#### Information provided
----
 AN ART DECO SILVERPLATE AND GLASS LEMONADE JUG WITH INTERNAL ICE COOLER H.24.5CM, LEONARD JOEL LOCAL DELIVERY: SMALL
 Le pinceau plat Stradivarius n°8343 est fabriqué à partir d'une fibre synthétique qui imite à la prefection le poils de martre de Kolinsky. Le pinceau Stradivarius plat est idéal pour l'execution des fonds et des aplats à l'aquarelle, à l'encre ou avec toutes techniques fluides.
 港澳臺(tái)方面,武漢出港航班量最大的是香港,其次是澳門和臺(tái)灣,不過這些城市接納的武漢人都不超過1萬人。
----
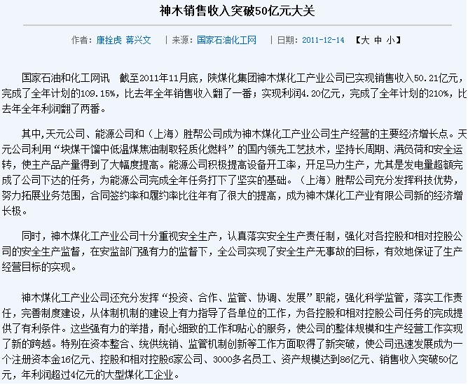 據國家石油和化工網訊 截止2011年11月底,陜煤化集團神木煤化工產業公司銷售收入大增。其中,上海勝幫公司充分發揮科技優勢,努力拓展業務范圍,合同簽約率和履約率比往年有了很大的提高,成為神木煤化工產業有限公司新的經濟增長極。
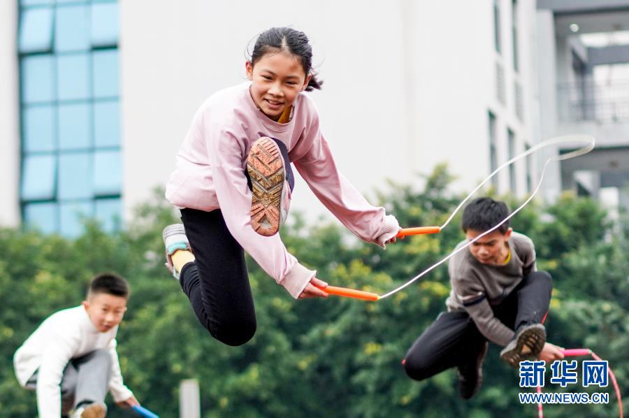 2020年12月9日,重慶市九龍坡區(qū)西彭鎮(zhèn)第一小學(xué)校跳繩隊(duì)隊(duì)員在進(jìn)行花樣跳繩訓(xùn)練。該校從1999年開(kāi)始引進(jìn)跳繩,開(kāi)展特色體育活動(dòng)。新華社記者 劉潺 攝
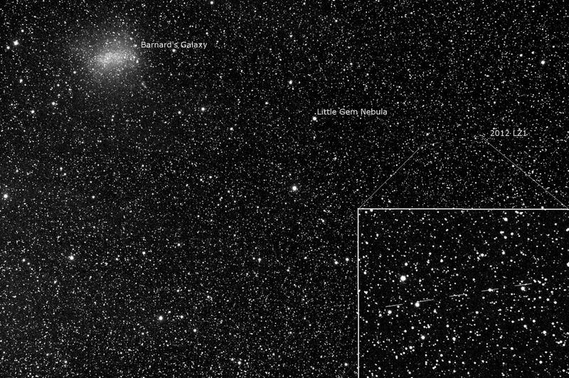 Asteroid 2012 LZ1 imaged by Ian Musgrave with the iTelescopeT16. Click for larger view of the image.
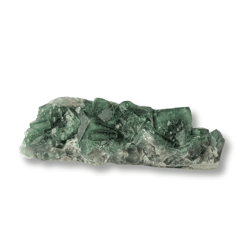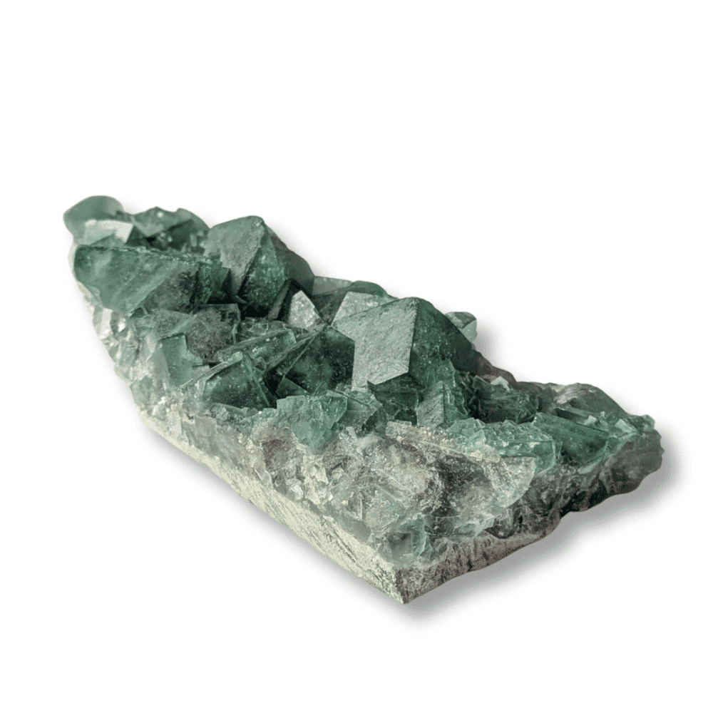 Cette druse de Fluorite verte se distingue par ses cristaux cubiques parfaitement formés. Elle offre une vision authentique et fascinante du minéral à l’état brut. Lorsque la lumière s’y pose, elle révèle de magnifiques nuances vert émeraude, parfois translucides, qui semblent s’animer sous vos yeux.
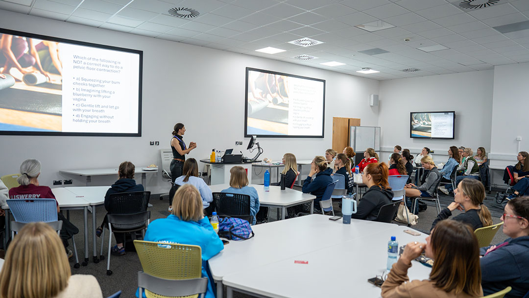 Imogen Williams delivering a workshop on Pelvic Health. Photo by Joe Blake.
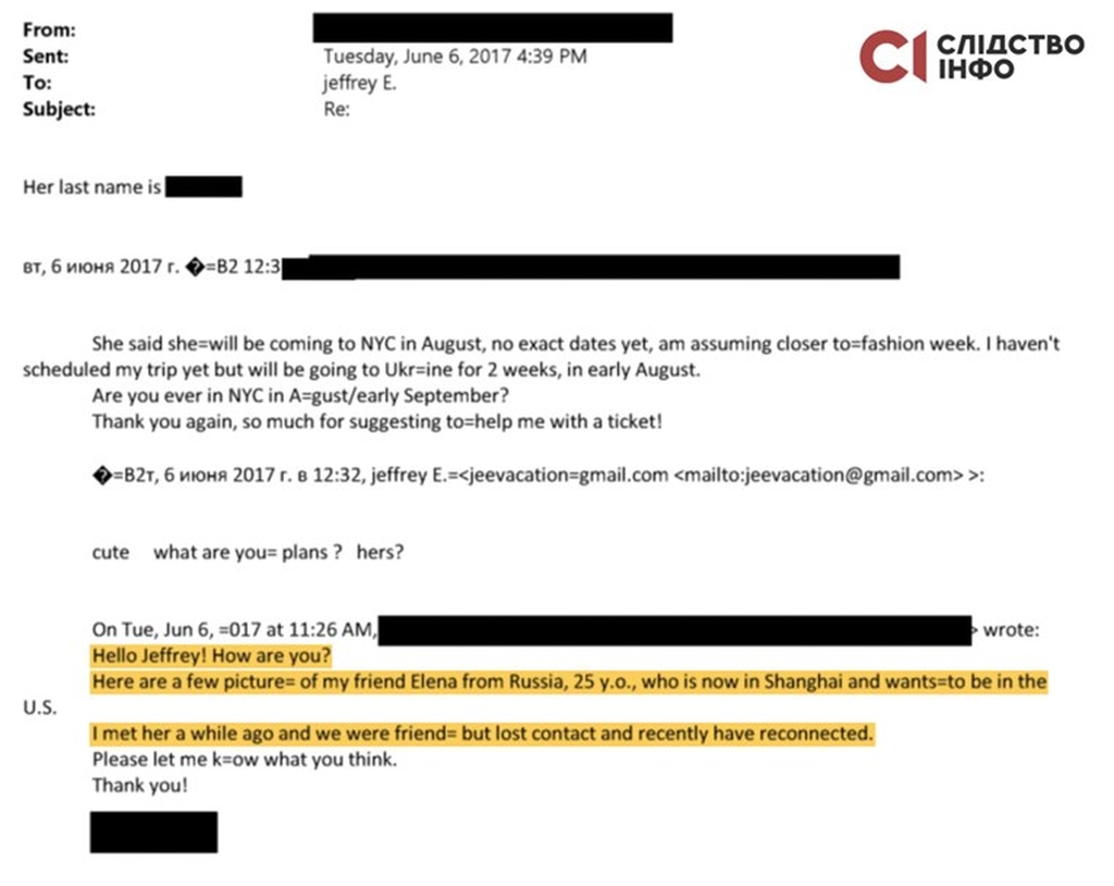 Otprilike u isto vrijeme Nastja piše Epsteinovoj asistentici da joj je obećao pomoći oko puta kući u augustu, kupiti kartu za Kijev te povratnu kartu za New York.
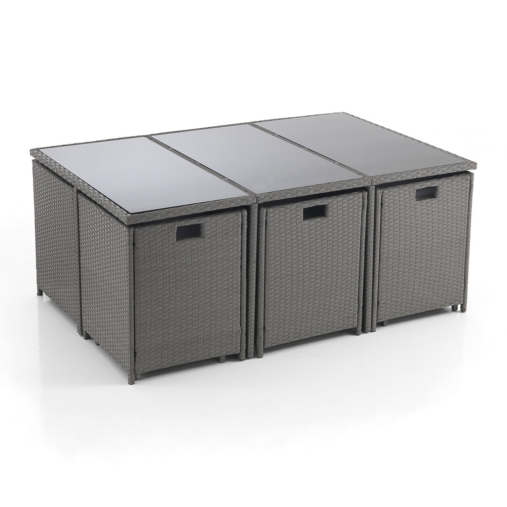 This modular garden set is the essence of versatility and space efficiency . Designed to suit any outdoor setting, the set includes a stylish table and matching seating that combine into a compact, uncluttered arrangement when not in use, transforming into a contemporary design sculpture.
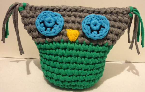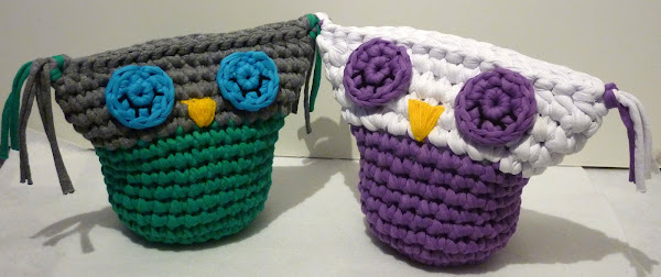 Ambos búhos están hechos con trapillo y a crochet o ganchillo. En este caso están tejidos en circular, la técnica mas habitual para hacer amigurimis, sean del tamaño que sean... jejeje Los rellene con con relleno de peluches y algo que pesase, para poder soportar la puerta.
----
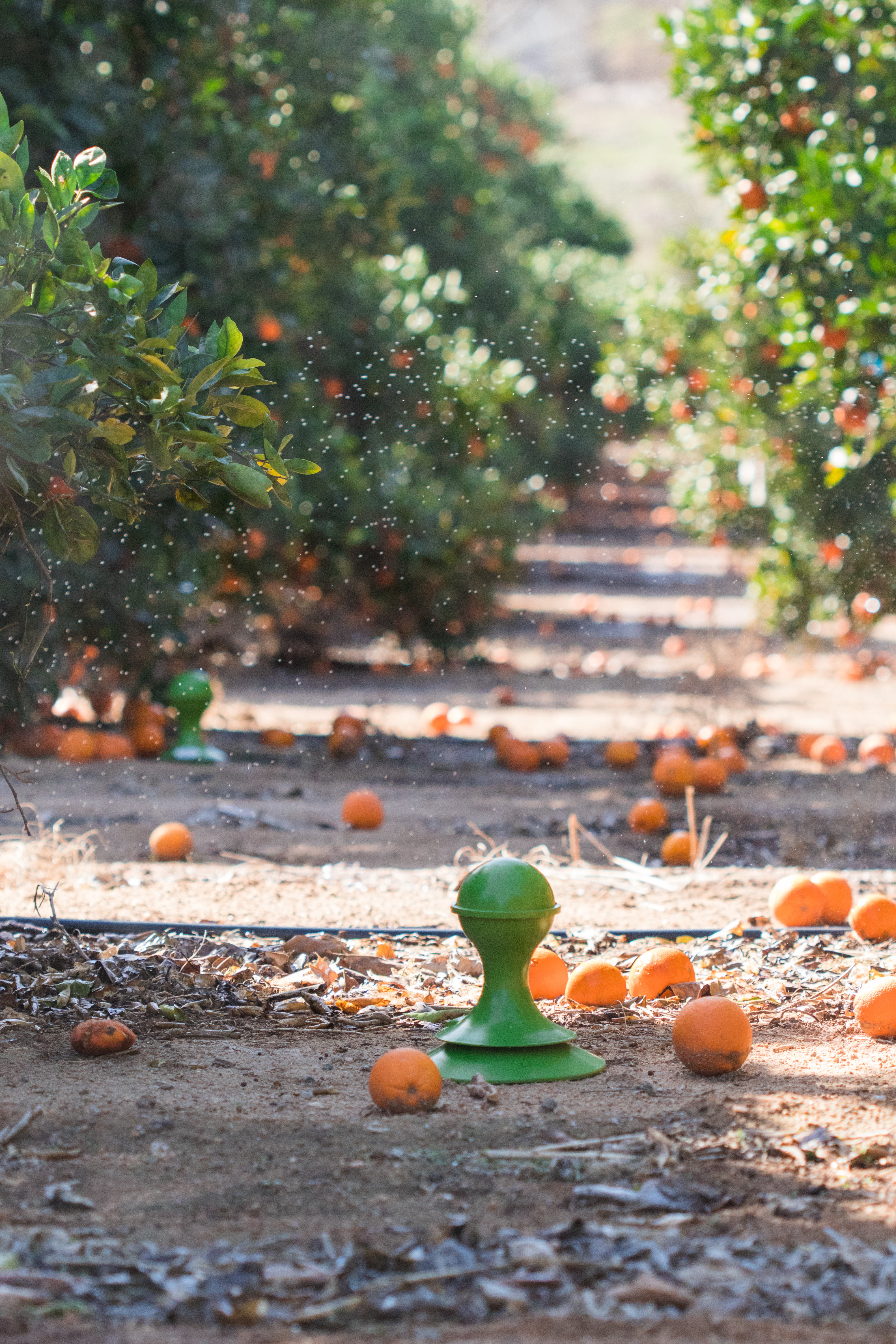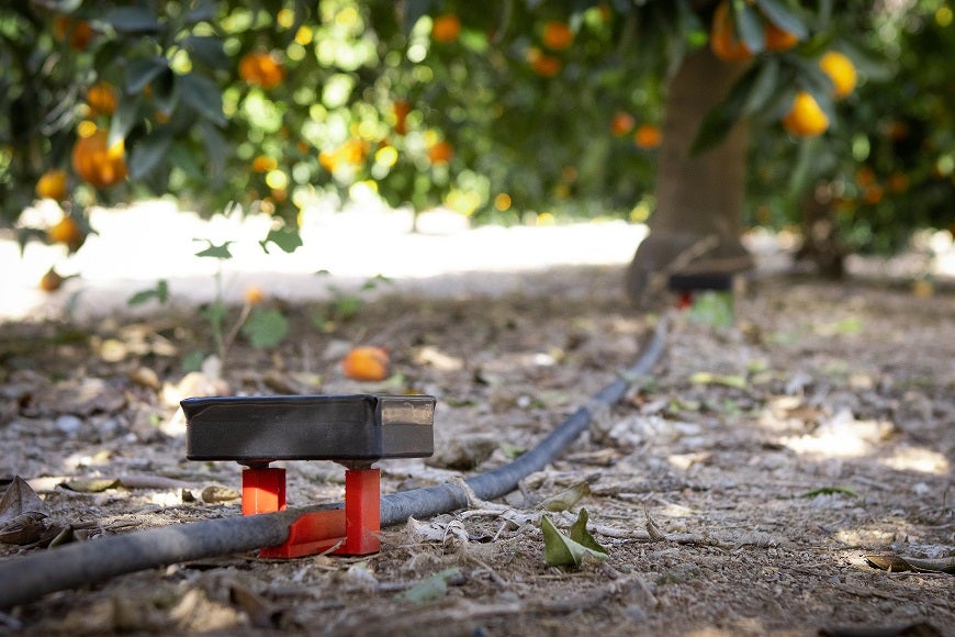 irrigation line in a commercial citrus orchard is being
----
#### Assigned task
Only one stretch of the records above is wanted: the lines between the one holding "AN ART DECO" and the one holding "港澳臺(tái)方面,武漢出", inclusive, reproduced exactly.

#### Solution for this task
 AN ART DECO SILVERPLATE AND GLASS LEMONADE JUG WITH INTERNAL ICE COOLER H.24.5CM, LEONARD JOEL LOCAL DELIVERY: SMALL
 Le pinceau plat Stradivarius n°8343 est fabriqué à partir d'une fibre synthétique qui imite à la prefection le poils de martre de Kolinsky. Le pinceau Stradivarius plat est idéal pour l'execution des fonds et des aplats à l'aquarelle, à l'encre ou avec toutes techniques fluides.
 港澳臺(tái)方面,武漢出港航班量最大的是香港,其次是澳門和臺(tái)灣,不過這些城市接納的武漢人都不超過1萬人。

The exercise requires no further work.